Up to and including the line with "una manera aseada", restate every line of the records below word for word, from the first line on, leaving out the pictures.

### SOURCE INFORMATION
==========
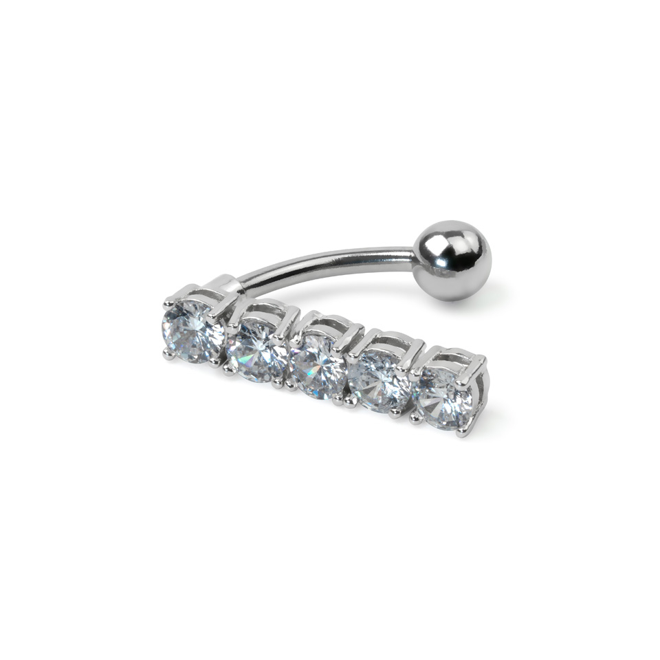 The belly button ring you see in the picture is a reverse belly ring, which means that, unlike regular belly rings, this one hangs from the top ball.
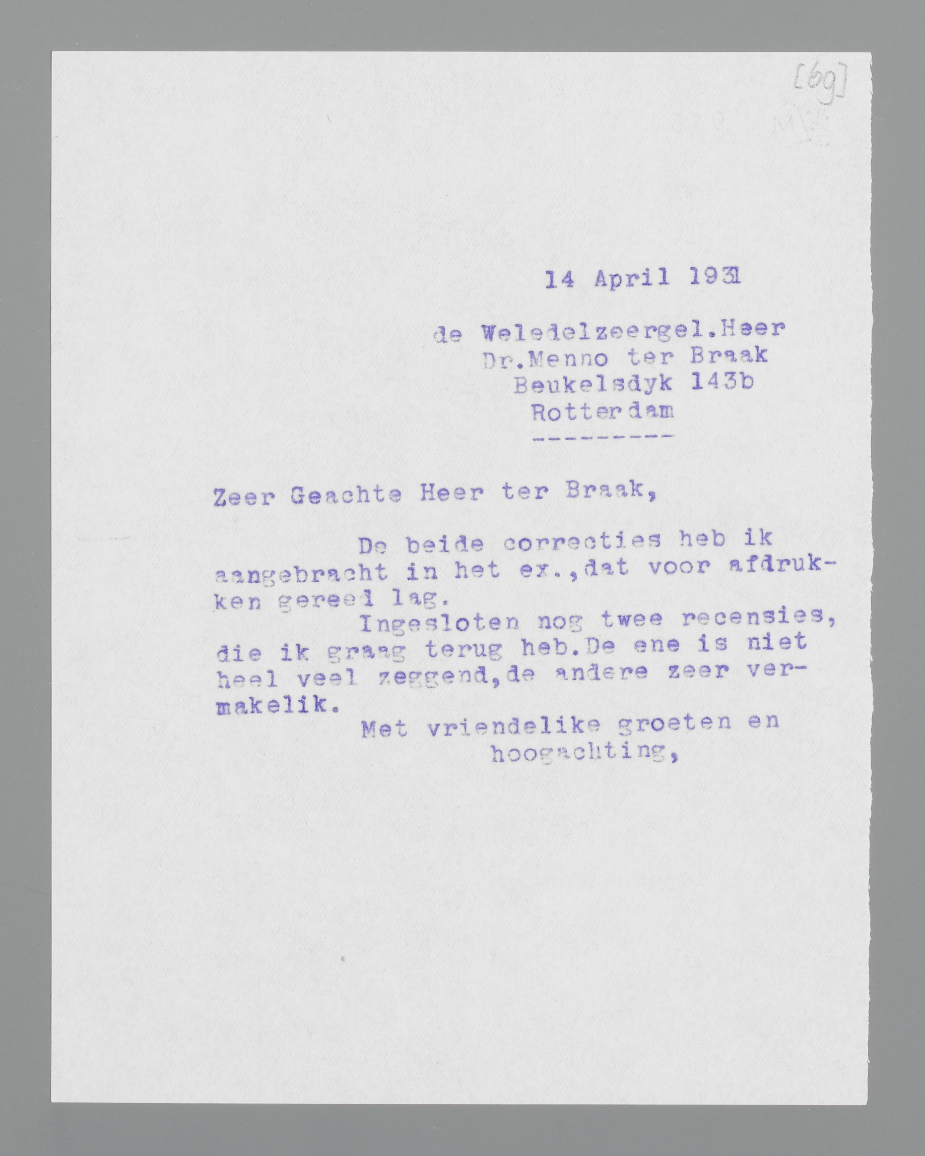 Zeer Geachte Heer ter Braak,
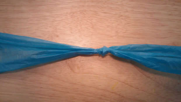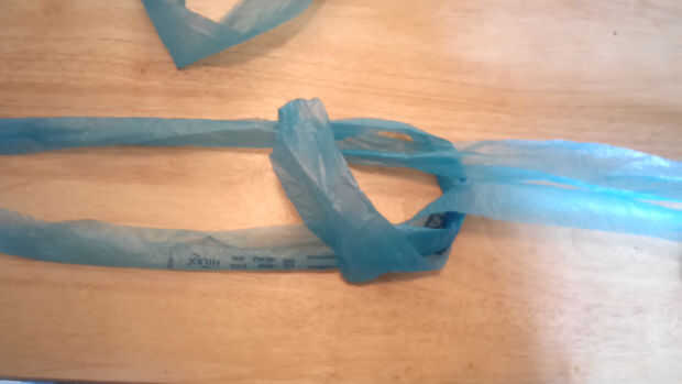 una manera aseada para reutilizar esas molestas bolsas de plástico que acaben rampantes en todo el mundo.Se necesita:* tijeras* bolsasTome una bolsa de plástico, doble plana para doblar la pieza de la manija plana también.Tomar un extremo y doblar un
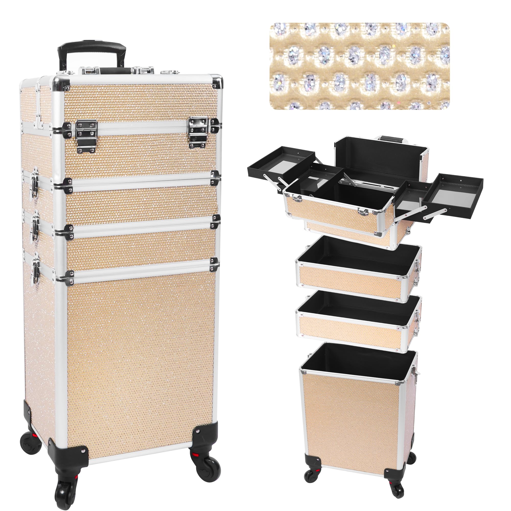 Estuche de maquillaje profesional con ruedas, estuche de tren de maquillaje 5 en 1, carrito de maquillaje cosmético, estuche de co
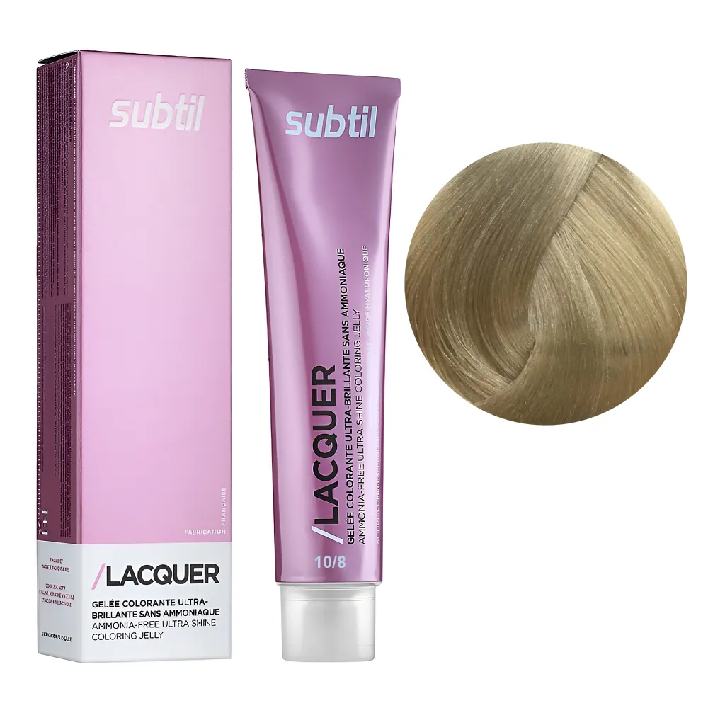 Subtil Lacquer - це фарба для волосся, створена без використання аміаку, на основі гілауроновой кислоти, рослинного кератину і EPOLINE - запатентованої формули (кукурудзяна олія + кисень). З цією фарбою тепер ви можете забути про процедуру відновлення кератину - фарбування і насичення волосся кератином відбувається одночасно і всього за 20 хвилин. Формула Lacquer містить також компоненти, що захищають шкіру, це робить фарбу доступною для застосування при дуже чутливій шкірі голови. Особливості продукту: 10/8 екстрасвітлий блондин бежевий Безаміачна тонувальна гелева фарба на кислотній основі, 60 мл LACQUER SUBTIL Застосування: 10/8 екстрасвітлий блондин бежевий Безаміачна тонувальна гелева фарба на кислотній основі, 60 мл LACQUER SUBTIL Час витримки: 10/8 екстрасвітлий блондин бежевий Безаміачна тонувальна гелева фарба на кислотній основі, 60 мл LACQUER SUBTIL Витримати на волоссі 20 хвилин після нанесення на коріння. Застосовувати фарбу слід, суворо дотримуючись інструкції, яка додається до кожної упаковки.Безаміачна тонувальна гелева фарба на кислотній основі LACQUER SUBTIL
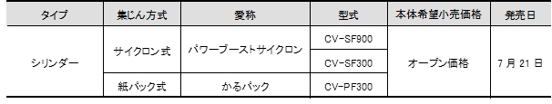 CV-SF900に加え、「パワーブーストサイクロン」シリーズCV-SF300、紙パック式「かるパック」シリーズCV-PF300が同時発売されます。
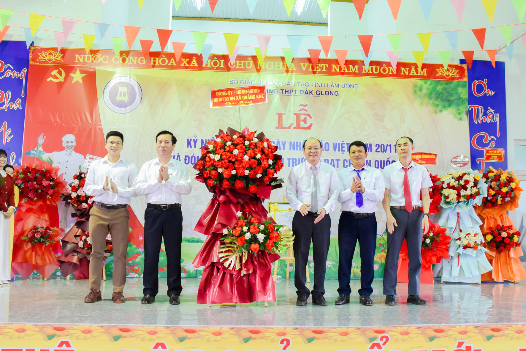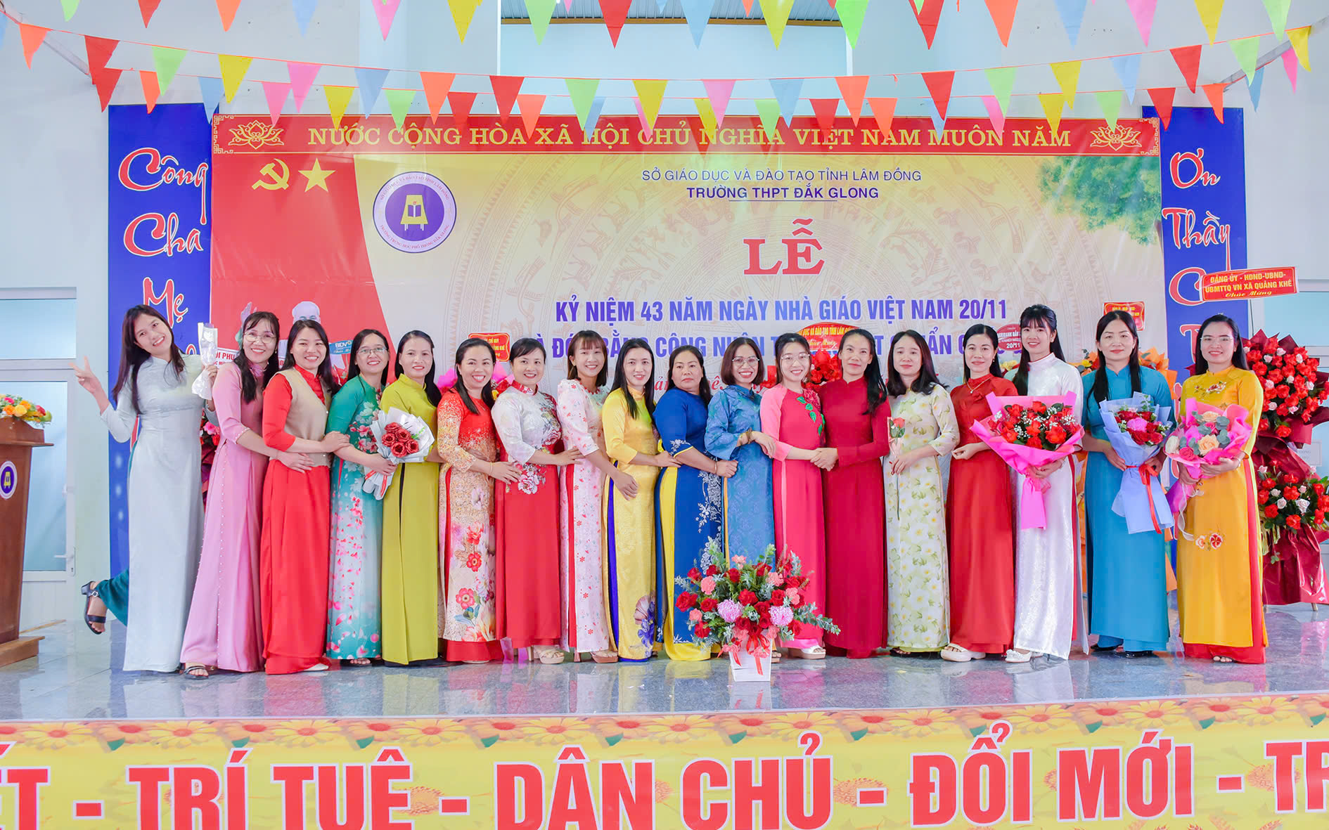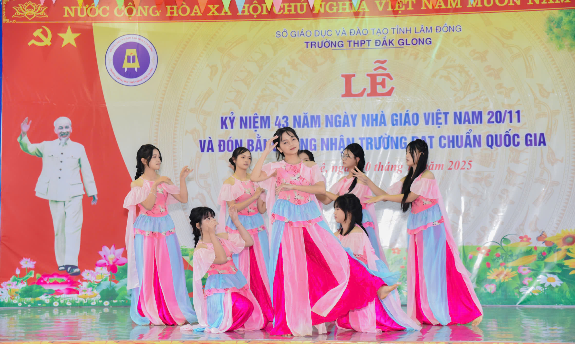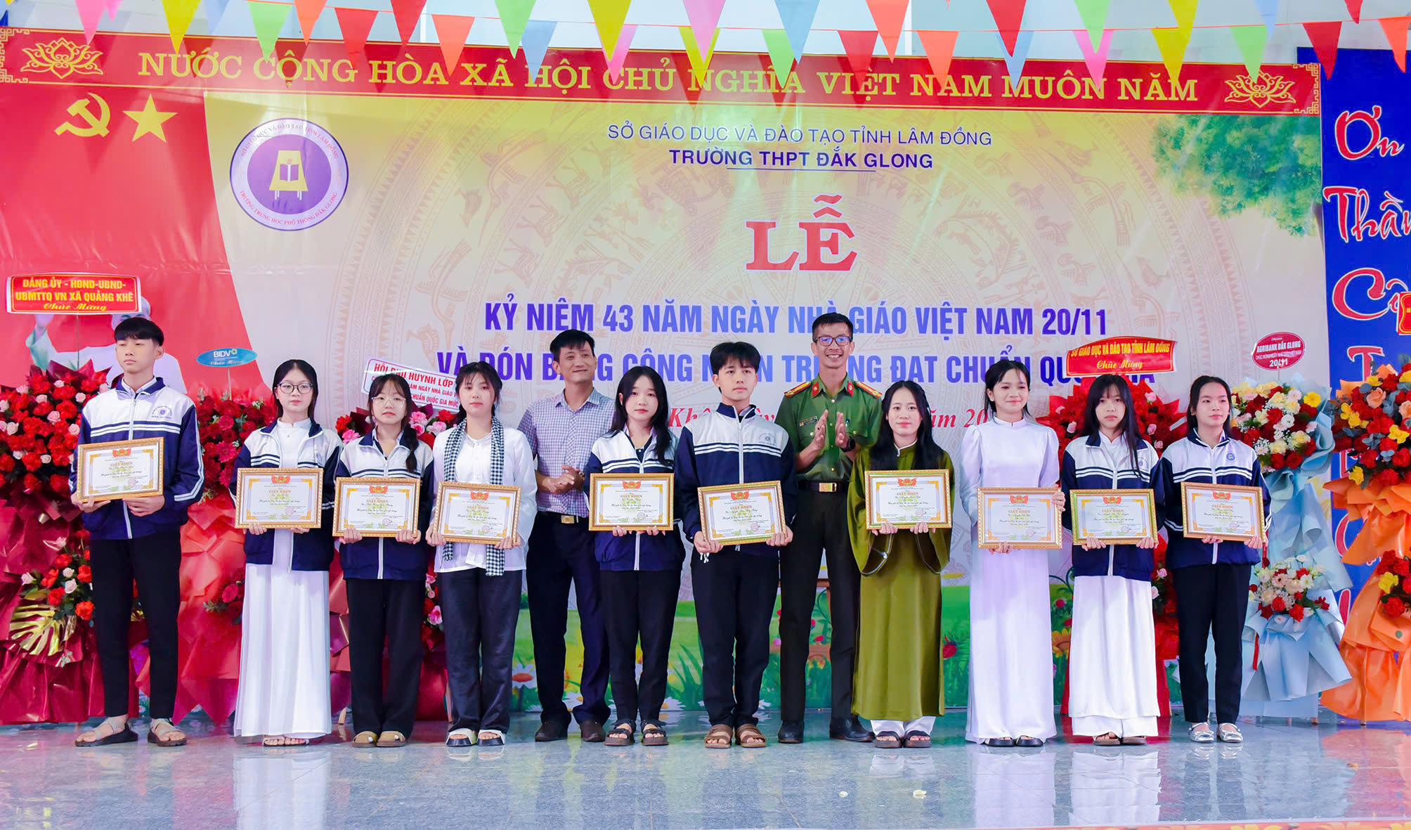 Tháng 11 lại về, hòa chung với niềm hân hoan của cả nước hướng về ngày 20 tháng 11 – Ngày tôn vinh những thầy cô giáo đã tận tâm gieo hạt tri thức, ươm mầm nhân cách cho bao thế hệ học trò; hôm nay vào lúc 07h45 phút ngày 20/11/2025, trường THPT Đăk Glong long trọng tổ chức Lễ kỷ niệm 43 năm Ngày Nhà giáo Việt Nam (20/11/1982 – 20/11/2025) và đón Bằng công nhân trường chuẩn quốc gia mức độ 1.
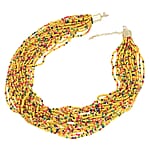 Yellow Seed Beaded Multi Layered Necklace 20-22 inches in Goldtone
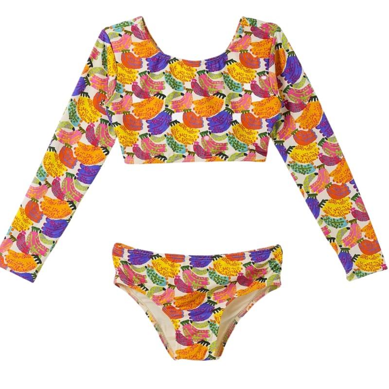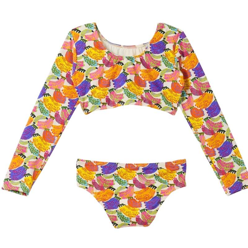 Biquíni infantil com decote em U e mangas longas e estampado. Para maior conforto das crianças vem com forro e mistura de elastano.
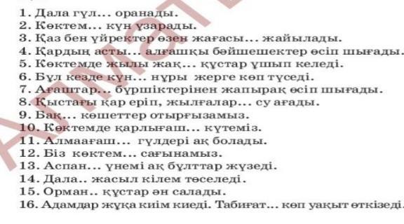 5.көктемде жылы жаққа құстар ұшып келеді.
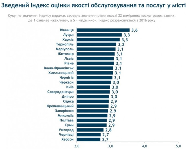 Як передає "Українська правда. Життя" четверте всеукраїнське муніципальне опитування показало, що найбільше якістю послуг у своєму місті задоволені вінничани, найбільш незадоволені – жителі Чернігова та Херсона.
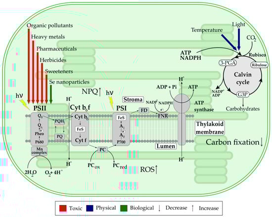 The growth-promoting role of the essential micronutrient Cu(II) in C. vulgaris is reversed as the concentration in the growth medium reaches EC50 values (effective concentration of the toxicant which induces 50% growth rate reduction) of 3.16 μM after 48 h exposure to Cu(II) []. Fv/Fm was maximal at 1 μM Cu(II) but decreased to almost zero at 4 and 5 μM Cu(II) []. The authors suggested that the negative effect of high-dose Cu(II) on the Fv/Fm may be due to Cu(II) harmful effects on the electron transport chain in PSII, indicating that the photo-damage of PSII may be accompanied by an increase in energy dissipation as heat and an increase in photo-damage to the photosynthetic apparatus []. A study on C. sorokiniana revealed that exposure to 238.2 μM of selenate (SeO42−) reduced the rate of oxygen evolution by 50%, despite no significant changes in chlorophyll or carotenoid content []. The same study reported a 25% decrease in ΦPSII for Se-exposed cultures compared to control []. Interestingly, both selenate and selenite added in sublethal doses induced partial disruption of the chloroplast ultrastructure, characterized by “fingerprint-like” rearrangement of thylakoid membranes and a reduction of normal grana stacking, resulting in a granular and less dense stroma [,,].
==========
### TASK RESULT
 The belly button ring you see in the picture is a reverse belly ring, which means that, unlike regular belly rings, this one hangs from the top ball.
 Zeer Geachte Heer ter Braak,
 una manera aseada para reutilizar esas molestas bolsas de plástico que acaben rampantes en todo el mundo.Se necesita:* tijeras* bolsasTome una bolsa de plástico, doble plana para doblar la pieza de la manija plana también.Tomar un extremo y doblar un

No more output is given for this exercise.